Wind makes the second act opening a Buster Keaton-like sequence of hilarious physical daring and, in the end, becomes a vehicle of miraculous benevolence  intervening to provide the desired ending to this perfect evening in the theatre.

The wind is also the perfect metaphor for the way this piece works. Its shifting of the air around us to create unexpected collisions between people and objects is akin to the way this masterfully constructed play links to a multitude of styles into one happy contrivance.

The first “background” characters arrive in blank French style masks – the main characters wear the funny noses and Italian caricature masks familiar from Krishnan’s Dairy  and the Candlestickmaker, and we freely accept that one character may be the Grim Reaper –  how could the others not realise as we do that his initial G  coul not possible stand for George?.

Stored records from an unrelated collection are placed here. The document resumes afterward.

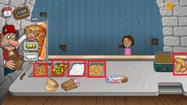 这里有四种材料,它们都是制作三明治所需的材料。至于薯条,需持续点击土豆,让其进入油锅,如此便能进行油炸。炸好后,再次点击,薯条就会自动放入材料盘。
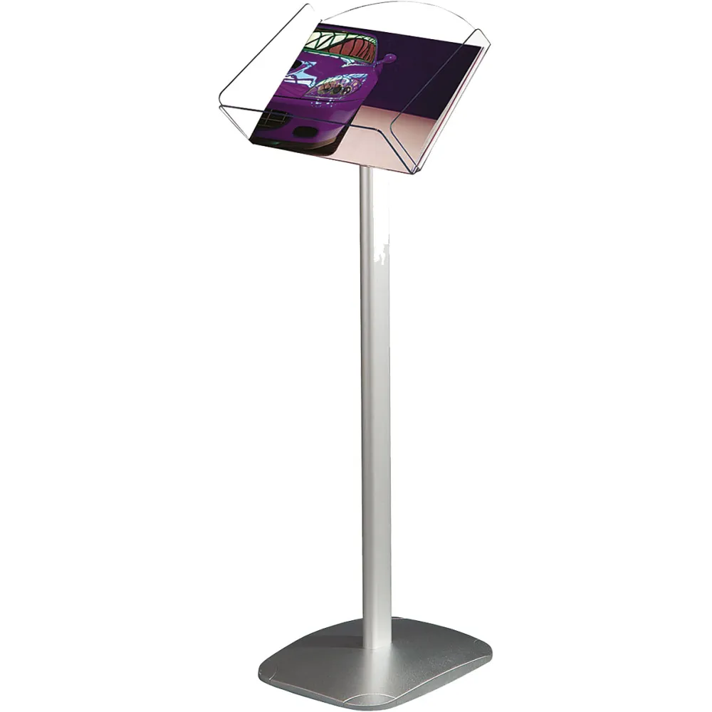 Brosjyreholder med tung fot, liggende A4 brosjyerholder i klar akryl.
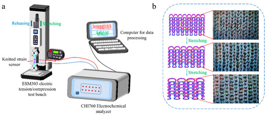 Research on sensing mechanism of the knitted strain sensor, (a) illustration of the measuring device, and (b) loop change of the strain sensor during the horizontal stretching process.

We are carried along as if by a breeze from slapstick action and double take lines worthy of the Maerx Brothers to lightly  worn profundity about living nd dying,

Familiar themes such as arranged marriages are joined with subtle satirical thrusts at unexpected targets such as The Medical Council , globalisation and immigration policy.

Ini terms of its place in the Trilogy which began with Krishnan’s Dairy, it seems to me that this is  both the fulfilment and the finest achievement of Rajan’s and Lewis’s aims.

Some may place Krishnan higher but in part that us because it was such a surprise, presenting what, til then, was an area of New Zealand life  which had been artistically unexplored.